I Became the Youngest Daughter of a Chaebol Family

Chapter 61: The Beginning of the ’90s (4)



To summarize everything I’ve said so far:

Q: If Germany raises interest rates, doesn’t that mean the UK has to raise theirs too, and wouldn’t that destroy the UK economy?

A: Yup. That’s exactly what happened. Or to be precise, they surrendered right before it collapsed.

The dopamine- and money-addled hedge funds bet on the UK pulling out of the ERM—and thus began one of the most legendary short-selling episodes in financial history: the assault on the British pound.

***

Of course, the UK didn’t drop out of the ERM right away. In fact, they had only joined it about three months earlier.

—Wait, then did they join knowing Germany would hike rates?
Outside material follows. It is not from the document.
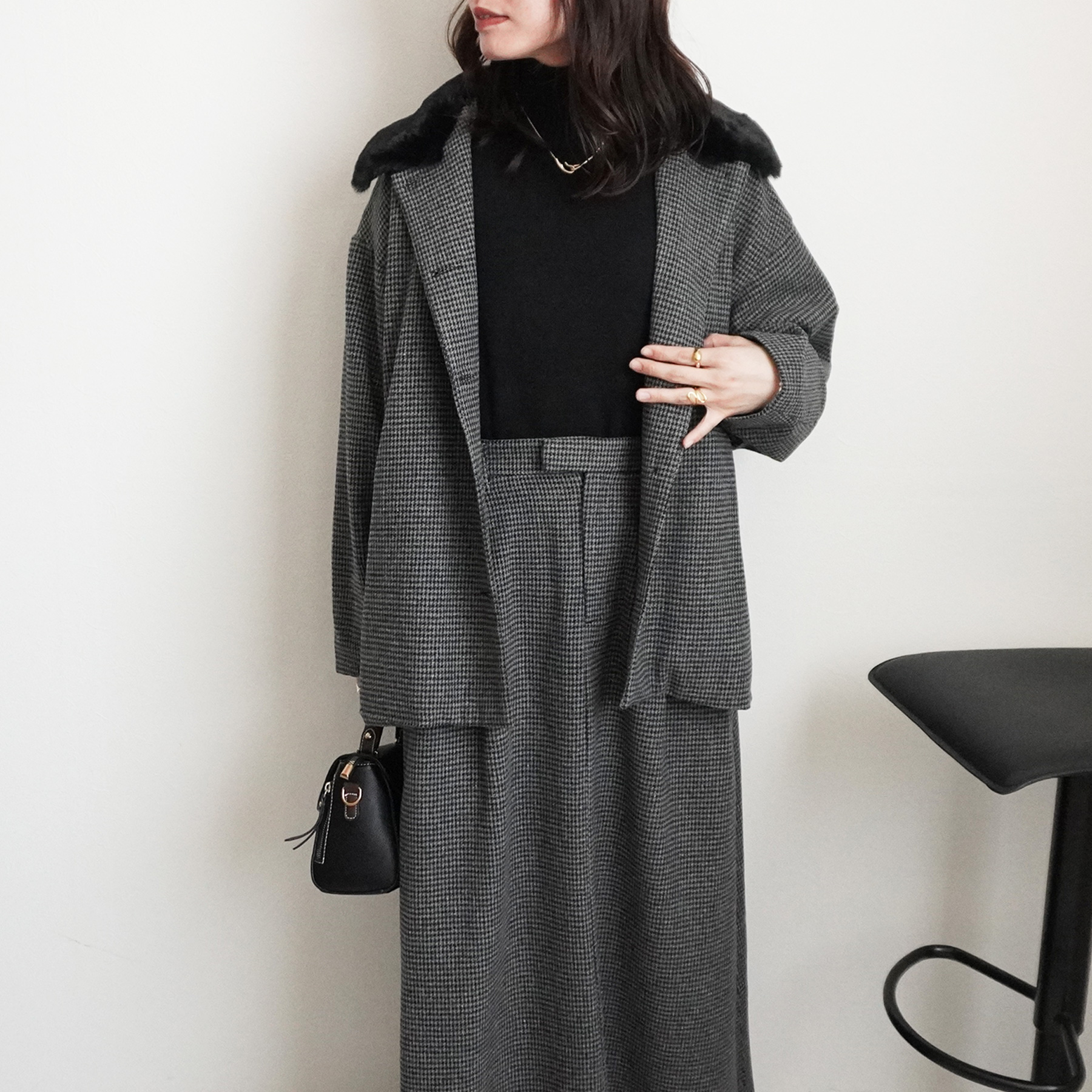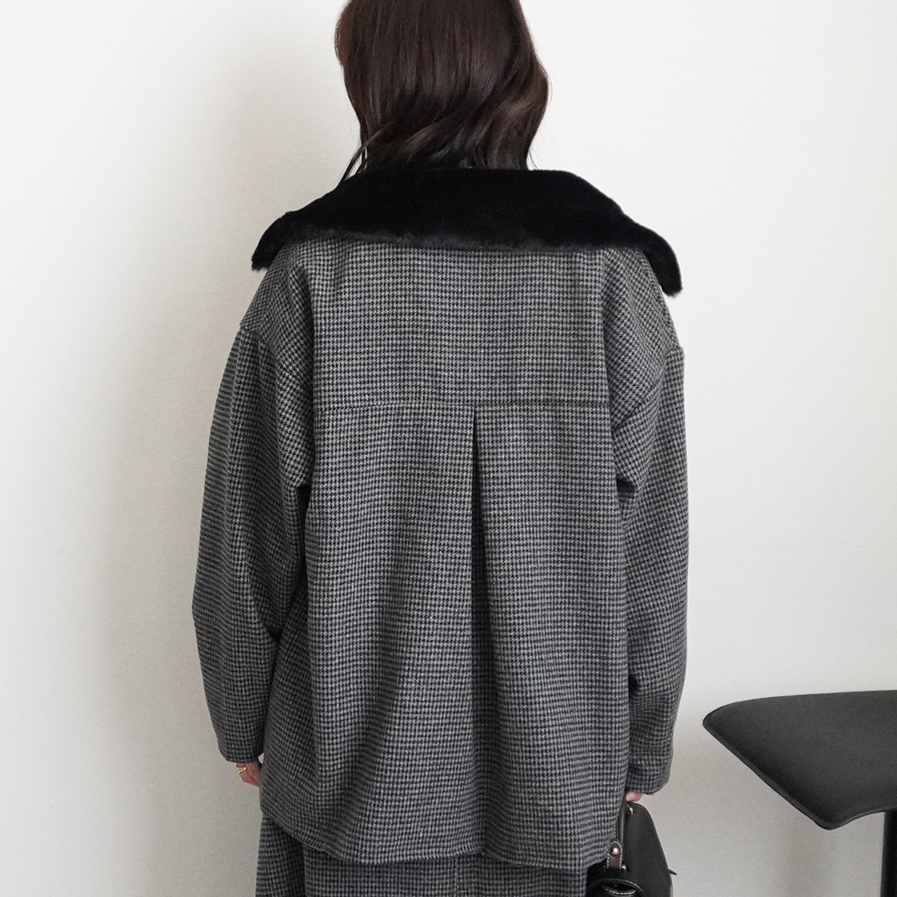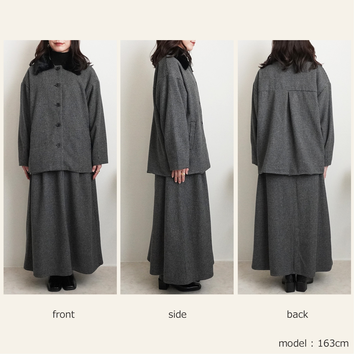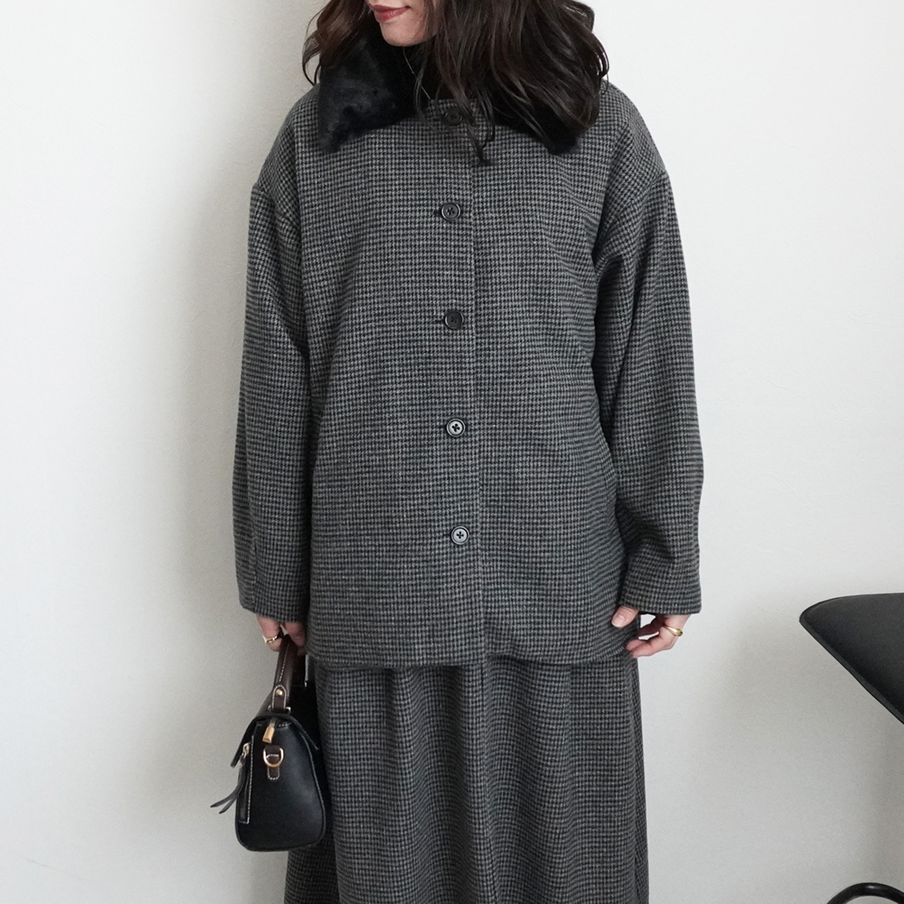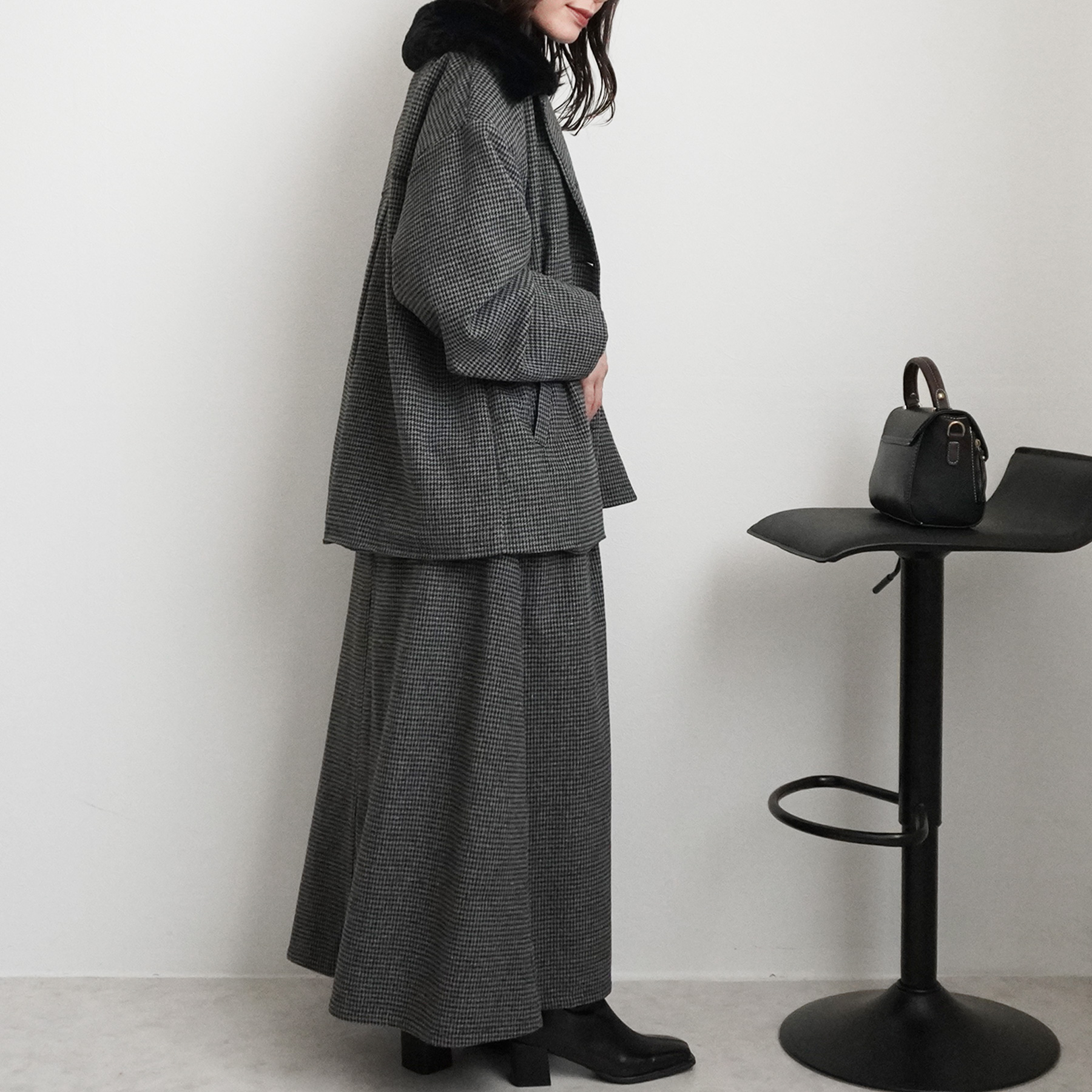 上品さと軽やかさを兼ね備えた、大人のための千鳥格子柄のライトメルトンジャケット。

You could ask that, sure...

But honestly, the UK probably didn’t expect Germany to be this shameless. And since national policy decisions require months of preparation, the agreements had likely been settled in advance.

To their credit, the UK, proud former empire that they were, held out for quite a while.

Right now it’s January 1991, and the short-selling event—the pound crisis—doesn’t happen until September 1992... so the Bank of England manages to hang on for 20 more months.

This is always the problem. Everyone knows the fall is inevitable, but the exact timing is everything.